Alberta is tax-adverse, to put it mildly. Often, from an outside perspective, it looks very much like a child refusing to eat their vegetables.
Most people turn up their noses at the idea that Alberta, like every other province in the country, should have a provincial sales tax.
But it’s time to open up, and take a big bite of broccoli. It’s for our own good.
A study out of the University of Calgary’s school of public policy, says that it’s time to have a serious discussion about the revenue the province is missing out on.
A five per cent sales tax could generate $5 billion for the province, according to the study, and that would still put Alberta’s sales tax as the lowest in the country.
The report makes it clear that “a provincial sales tax would enable the Alberta government to get off the royalty roller-coaster.”
The current plan to balance the budget in Alberta relies heavily on oil and gas funds, as it has for many years.
Polls in Alberta have repeatedly shown that the sales tax is the last thing Albertans want, but we have come to a point where reality needs to be faced.

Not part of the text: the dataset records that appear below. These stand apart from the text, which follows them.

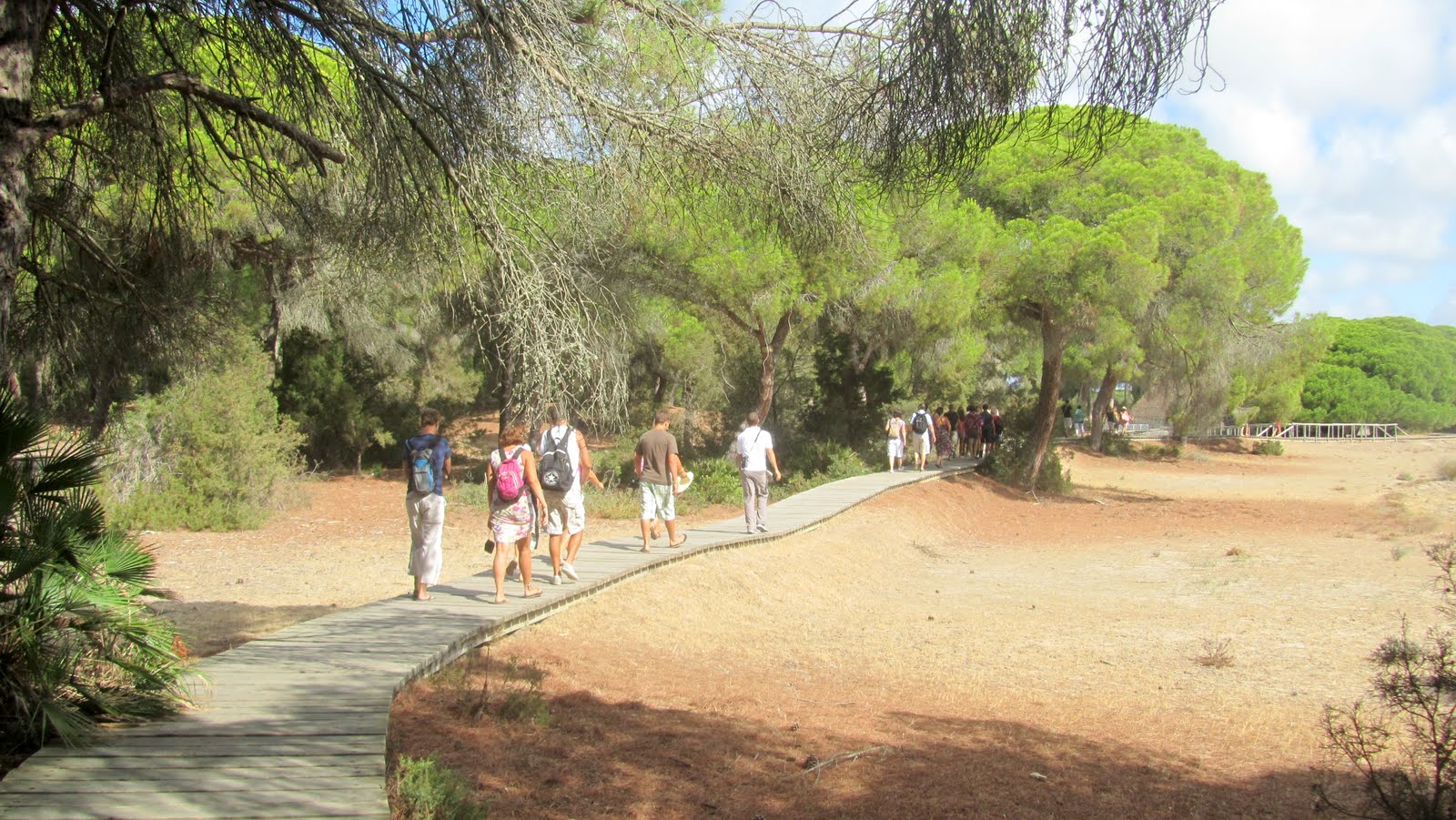 Durante el trayecto se hacen dos paradas, la primera en un pequeño poblado de chozas entre pinares llamado "la Plancha" donde se realiza un pequeño recorrido interpretativo del entorno visitando los "Llanos de Velázquez". La segunda parada es en las Salinas de la Algaida donde puede observarse la riqueza de la fauna avícola de Doñana en un ecosistema típico marismeño.
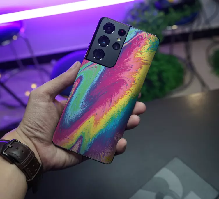 Entdecken Sie den faszinierenden Samsung Sticker bunte flüssigkeitswirbel, der mit seinem einzigartigen Grafikdesign begeistert! Der Aufkleber kombiniert lebendige Farben und ein fließendes Marmor-Design, das an einen Regenbogen erinnert und somit Ihrem Samsung-Mobiltelefon einen aufregenden Look verleiht. Mit dieser kreativen Zelle wird Ihr Handy zum echten Hingucker!
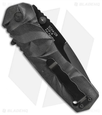 The SCHA12B Schrade MAGIC Dual Action assisted opening knife has a black finished, plain edged blade and a black coated aluminum handle.
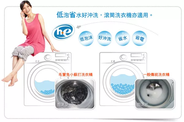 .低泡沫省水節能配方:低泡沫配方,好沖洗、不易殘留、具省水、省電、節能、環保特性。滾筒式洗衣機也適用。
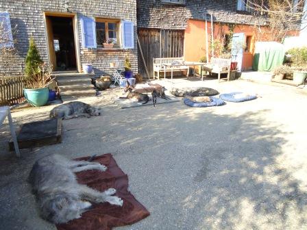 Blümchen ist noch nicht übern Berg, da sie trotz Antibiotika-Wechsel immer noch Fieber hat, lässt auf einen viralen Infekt schließen. Das muß das kleine Wölfle nun aushalten. Immerhin hat sie heute Morgen ein klein wenig gefressen und kommt in den Garten, wenn wir mit den anderen vom Spaziergang zurück kommen. Sie geht so gerne spazieren und ist immer so lustig dabei. Heute abend gabs Hühnerbrühe.
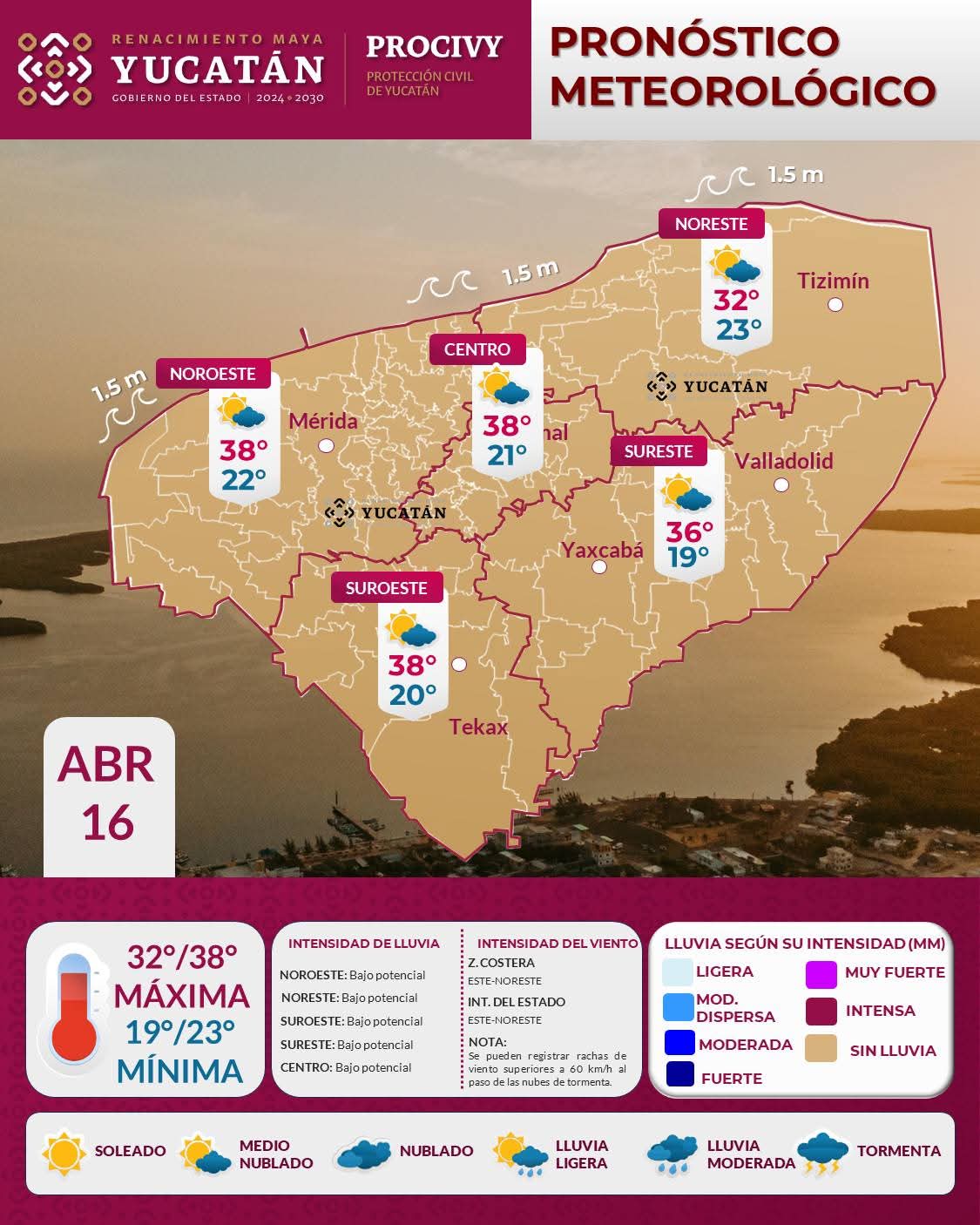 Para este jueves 16 de abril, el estado de Yucatán se prepara para una jornada de cielos despejados y mucha luz. Un sistema de Alta Presión, ubicado estratégicamente en el noreste del Golfo de México, será el protagonista principal, garantizando condiciones de tiempo estable y muy pocas nubes en la mayor parte del territorio estatal.
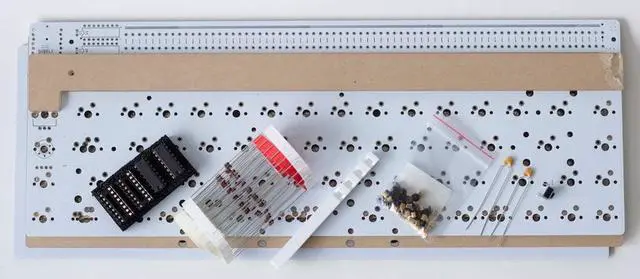 All required parts (diodes, caps, and ICs) are through-hole, meaning they're easy and forgiving to solder
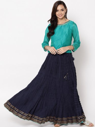 Crop Top Lehenga Myntra - Red color lehenga with top for party wear.
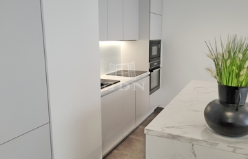 Beépített előszoba, - fürdőszoba (mosógéppel) és konyhabútorral, plusz gépek (sütő, főzőlap, mikrohullámú sütő, szagelszívó, hűtőgép és fagyasztó. Konyha sziget.
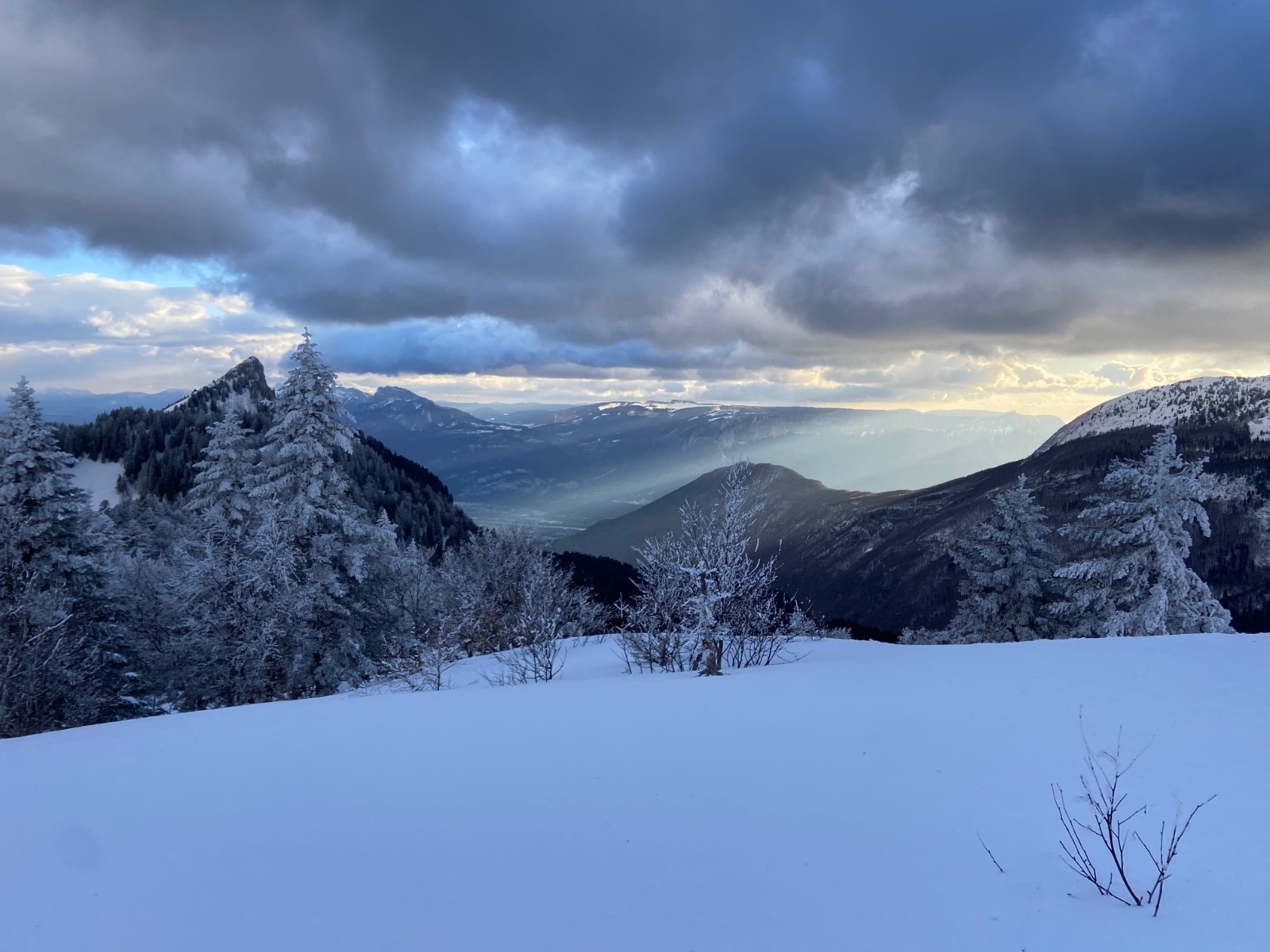 On reste une petite heure pour profiter du spectacle, avec une perspective remarquable sur La Pinéa et des rayons de soleil couchant qui transpercent les nuages.
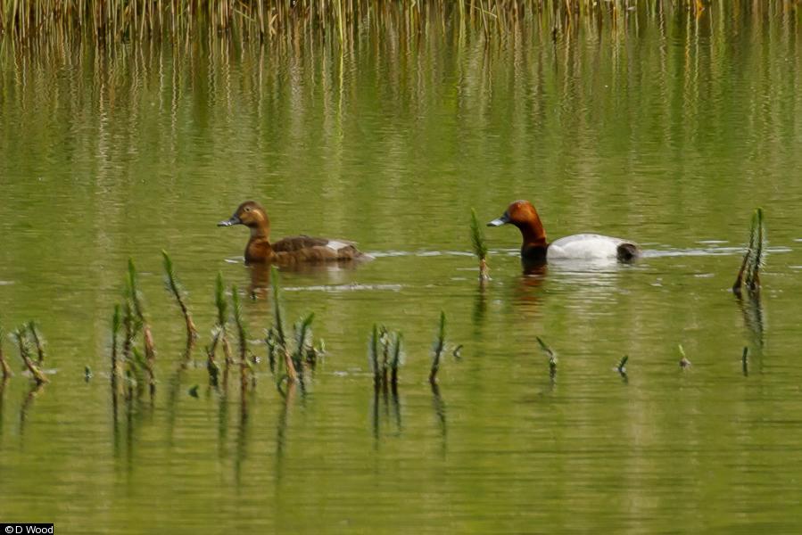 Pochard - 2 - pair on S pool ; Reed Warbler - 7 - including 5 singing males on 3 separate pools (3 on reedbed around main lake) ; Mallard - 1+ - female with 2 chicks on main lake ; Grey Heron - 1 ; Gadwall - 1 - male on lake by Great Bear factory - breeding?
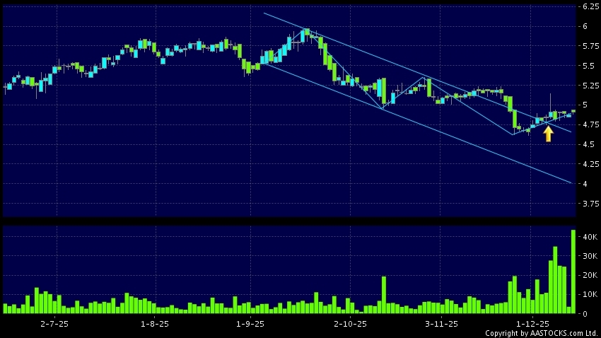 区域突破指股价在过去的一段时间只在一个范围在内活动,然後股价上升作出突破,升穿区域的顶部,技术走势向好。(港股报价延迟最少十五分钟。沽空资料截至 2025-12-12 16:25。)
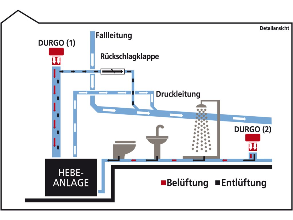DURGO interiérový přivzdušňovací ventil pro vertikální instalaci DN 40
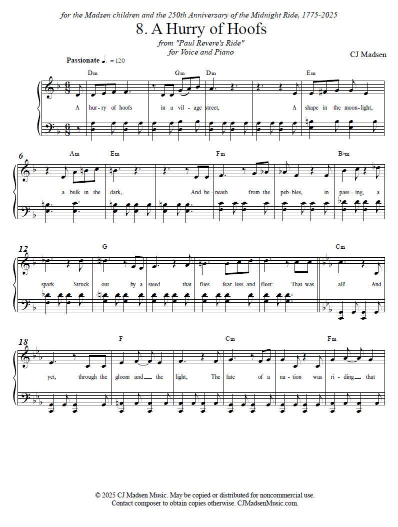Paul Revere’s Ride, VIII: A Hurry of Hoofs – Piano and Voice – 2025
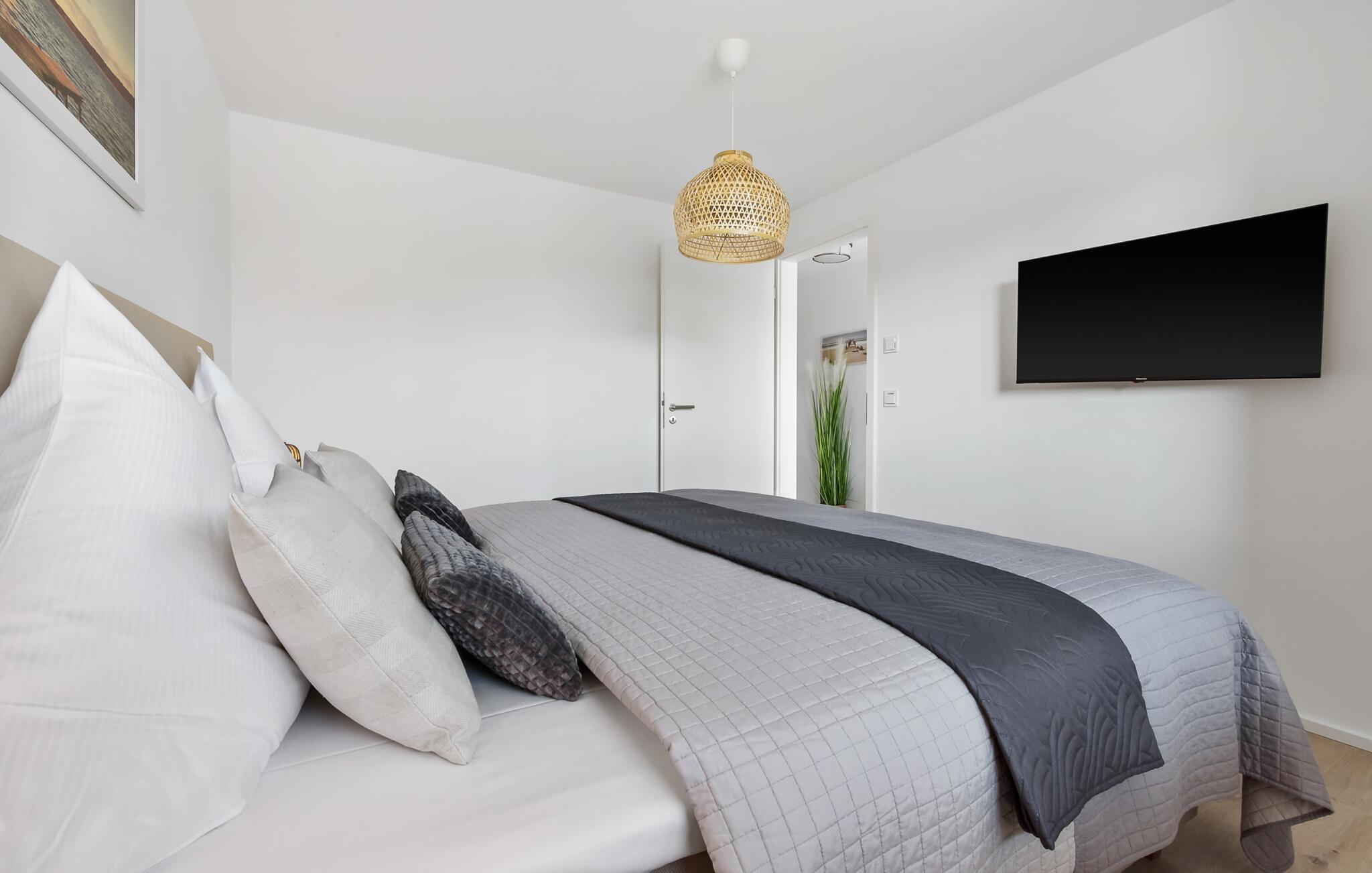 Die Ferienwohnung verfügt über ein Schlafzimmer mit Doppelbett. Hier findet ihr einen weiteren TV.
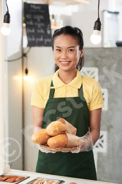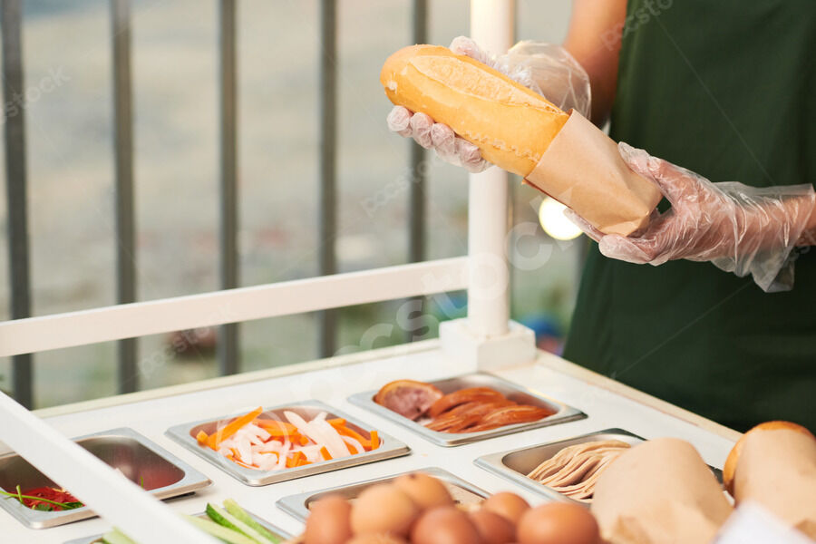 Vietnamese female worker wearing apron and plastic gloves offering plate of sandwiches while standing in local food stall
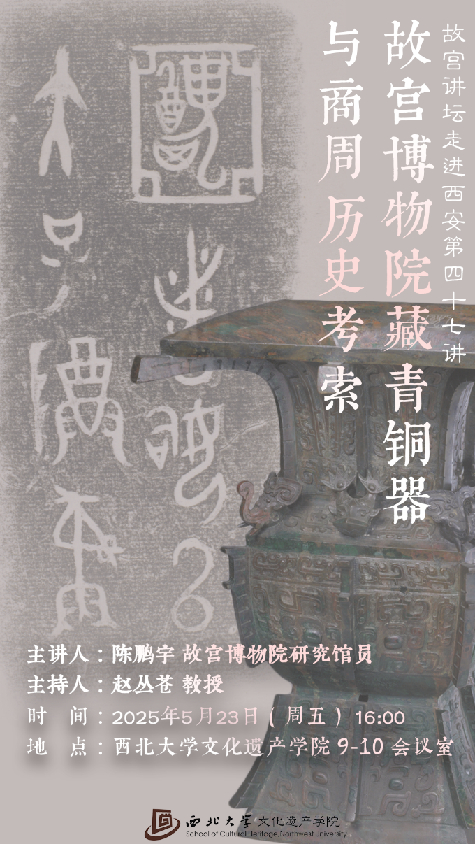 主讲人介绍:陈鹏宇,故宫博物院器物部金石组研究馆员。清华大学历史系博士毕业。主要研究方向为青铜器、古文字。曾在《光明日报》《故宫博物院院刊》《出土文献》等刊物发表多篇介绍、研究故宫藏青铜器等古文字材料的文章。现主持国家社科基金冷门绝学研究专项“故宫博物院藏‘乾隆四鉴’青铜器整理与研究”(批准号:20VJXG001)。任“十四五”规划《(新编)中国通史》纂修工程《中国历史图录卷》核心作者,并为“古文字与中华文明传承发展工程”故宫博物院协同攻关创新平台骨干研究人员。
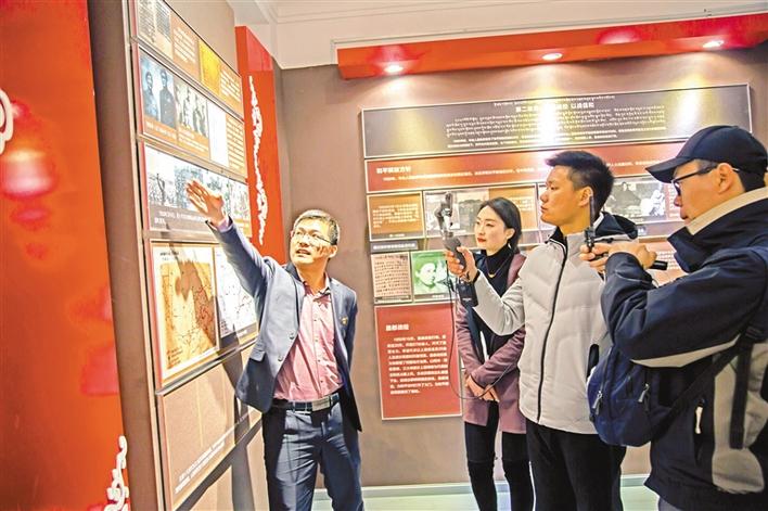 圖為波密縣委紅樓的工作人員在為慕名而來(lái)參觀的游客講解紅樓歷史。張猛 胡文 攝
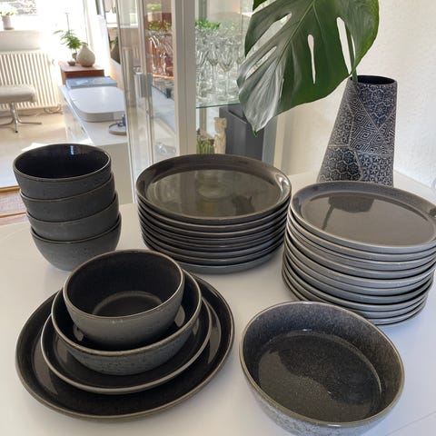 BITZ tallerkener i stentøj i grå nuance. Tallerkenerne har en rund form med let opadbuet kant. Egner sig til servering af hverdagens måltider såvel som til borddækning ved gæster. Kan typisk bruges både til middagstallerkener og anretning af mindre retter, afhængigt af størrelsen. Stand se billeder. Det

Canadian Energy Research Institute (CERI) has stated that Alberta and Saskatchewan have taken the biggest hit with the drop of US imports.
The world-wide view of the oil and gas sector is becoming more and more unfavorable, despite efforts by the Alberta government to combat negative misinformation spreading.
Relying on the funds from an industry in decline seems foolhardy, at best.
Jack Mintz, the President’s Fellow at the University of Calgary’s School of Public Policy, has been lobbying for a sales tax, writing papers and giving press conferences on the topic for years.
He points out that an HST—or harmonized sales tax—would allow Albertans to slow the rise in personal and property taxes.
"If you took that and cut personal and corporate income taxes, I can tell you that would create a huge advantage for Alberta, as an economy," he told the CBC.
If Alberta wants to balance the books, cuts to services, and personal tax increases are not the only, or the best, option.
It’s time to take a good long look at some long-held beliefs in this province.
It’s time to open up, say “ahhh”, and do what’s good for the province, even if we don’t like it.